Finding asymptotic expansion using Laplace's method

Consider the integral $\displaystyle I$ defined by

$\displaystyle \displaystyle I = \int^1_0 e^{-xt} t \cos t dt$.

Use Laplace's method to obtain the first term of the asymptotic expansion of the integral as $\displaystyle x \to \infty$.

How can I start? Can someone point me to somewhere with a similar example?

Thank you.

Re: Finding asymptotic expansion using Laplace's method

Quote:

Originally Posted by

**math2011** Consider the integral $\displaystyle I$ defined by

$\displaystyle \displaystyle I = \int^1_0 e^{-xt} t \cos t dt$.

Use Laplace's method to obtain the first term of the asymptotic expansion of the integral as $\displaystyle x \to \infty$.

How can I start? Can someone point me to somewhere with a similar example?

Thank you.

I don't see that this is Laplace's method but:

For large $\displaystyle x$ the function $\displaystyle e^{-xt}$ is small everywhere except close to $\displaystyle t=0$, so we expand the other term in the integrand about $\displaystyle t=0$:

$\displaystyle \int_0^1 e^{-xt}t \cos(t)\; dt = \int_0^1 e^{-xt}t\ [1-t^2/2+...]\; dt $

Truncating after the first term gives:

$\displaystyle \int_0^1 e^{-xt}t \cos(t)\; dt \sim \int_0^1 e^{-xt}t\; dt=x^{-2}[1-(x+1)e^{-x}] $

and you can probably replace the square brackets by 1.

CB

Re: Finding asymptotic expansion using Laplace's method

Thanks! I can see that the approximated solution is similar to the solution. But this question is definitely a Laplace method question. How can I apply the Laplace method to the question?
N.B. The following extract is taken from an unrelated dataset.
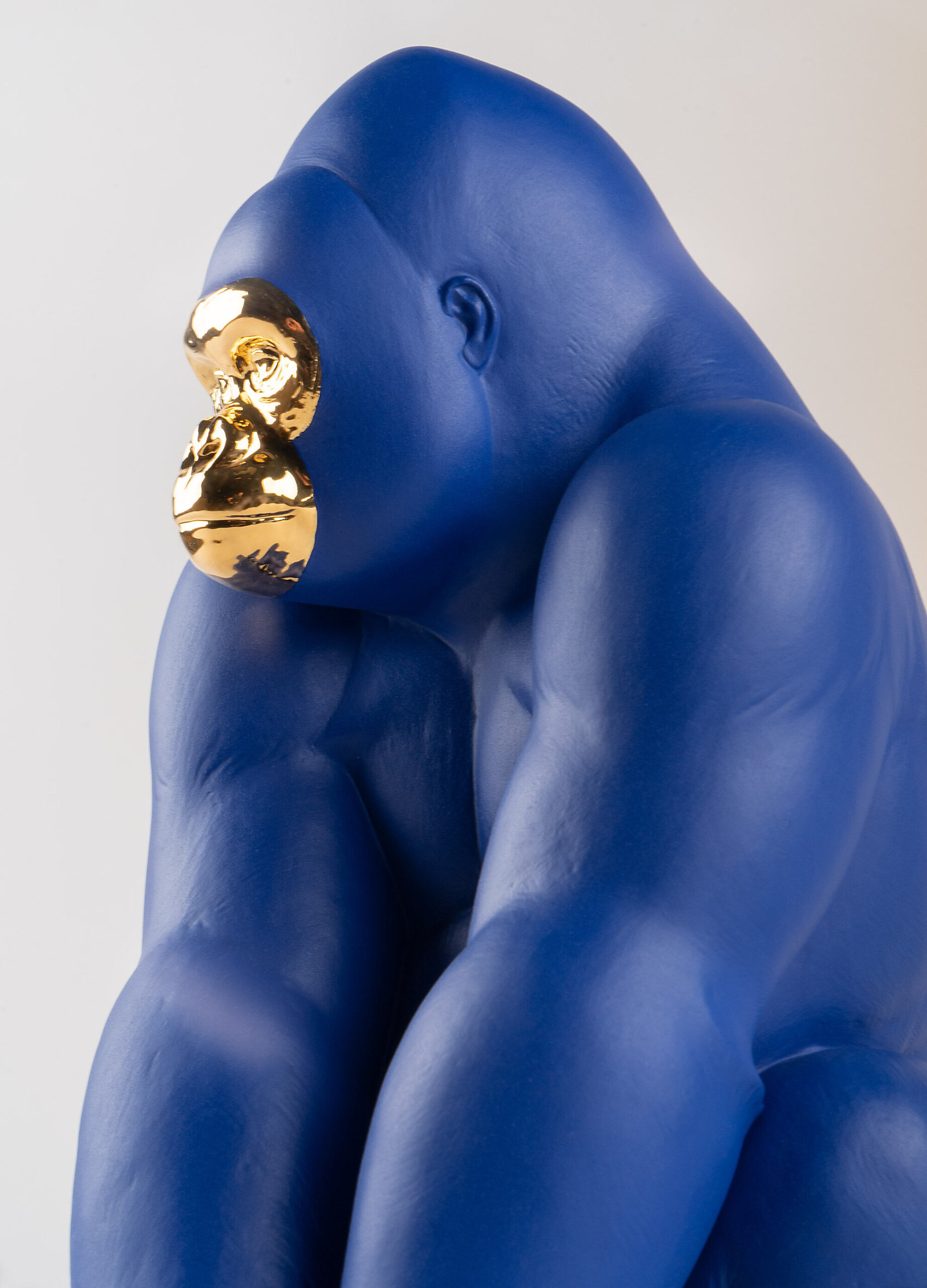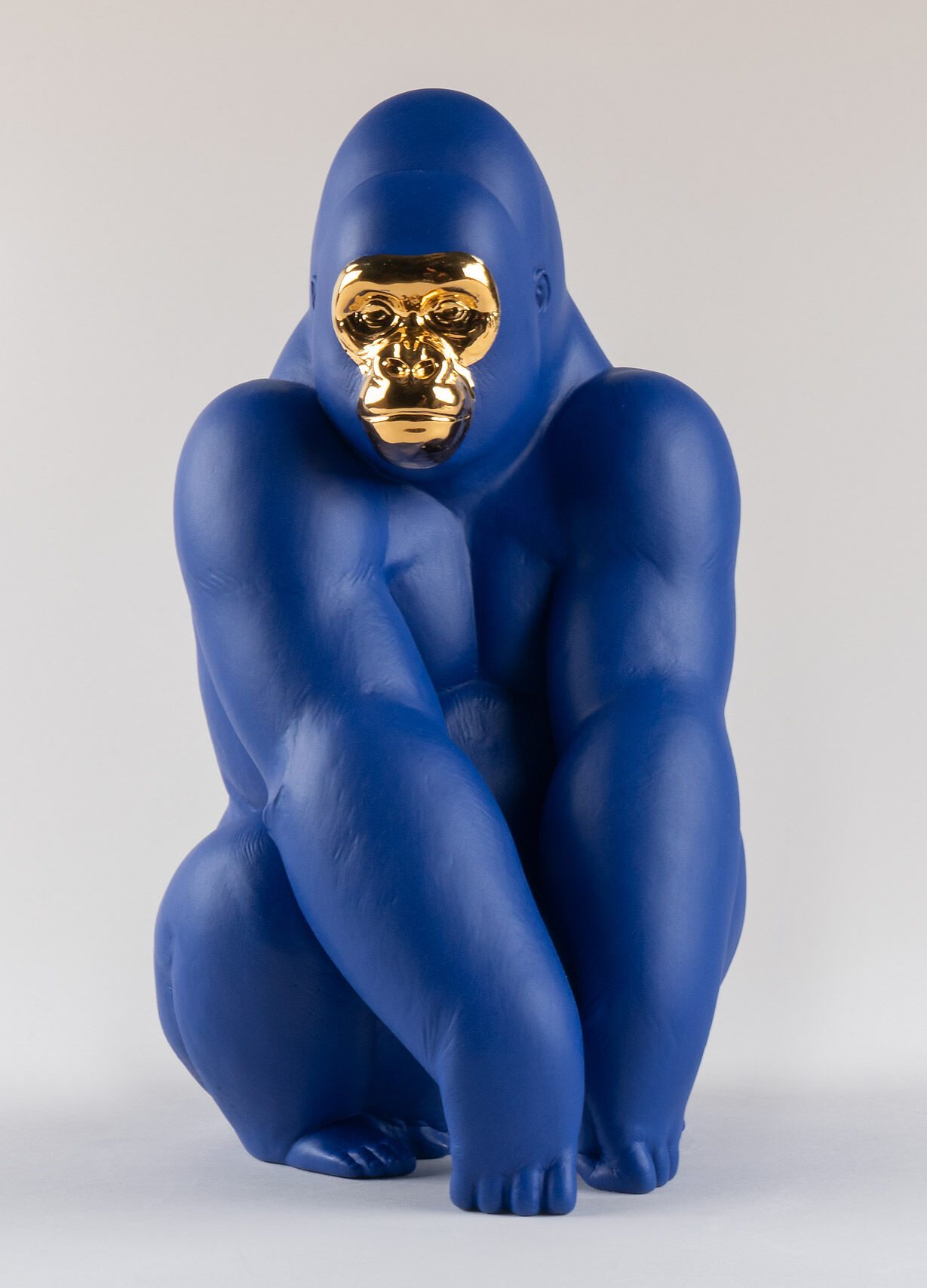 This new piece in the Boldblue collection is made in matte porcelain covered with an intense color inspired by the tone made famous by the artist Yves Klein in the 1950s. The velvety texture of the blue contrasts with the golden luster that covers the face of the striking gorilla. A creation perfect for decorating, for collectors or as a gift. Handcrafted in the Lladró workshops in Spain.

Re: Finding asymptotic expansion using Laplace's method

Quote:

Originally Posted by

**math2011** Thanks! I can see that the approximated solution is similar to the solution. But this question is definitely a Laplace method question. How can I apply the Laplace method to the question?

Well that was the version of Laplace's method from the first part of this document, except the maximum is of $\displaystyle \phi(x)$ is at an end point of the interval so not quadratic, and so this is covered by the middle paragraph of the further notes section.

CB

Re: Finding asymptotic expansion using Laplace's method

According to the tutorial 2.8 referred to by the middle paragraph of the further notes section, the higher boundary $\displaystyle 1$ should be taken to $\displaystyle \infty$. This is what I got after doing that.

$\displaystyle \int^1_0 e^{-xt} t \cos(t) dt =& \int^1_0 e^{-xt} t \left(1 - \frac{t^2}{2!} + \frac{t^4}{4!} - \cdots \right) dt \\ \sim & \int^\infty_0 e^{-xt} t dt \\ =& -\frac{1}{x} \left[ e^{-xt} t \right]^\infty_0 - \int^\infty_0 \left(-\frac{1}{x}\right) e^{-xt} dt \\ =& -\frac{1}{x} \left[ e^{-xt} t \right]^\infty_0 - \frac{1}{x^2} \left[ e^{-xt} \right]^\infty_0 \\ =& \frac{1}{x^2}$

Thanks for helping me getting into this topic.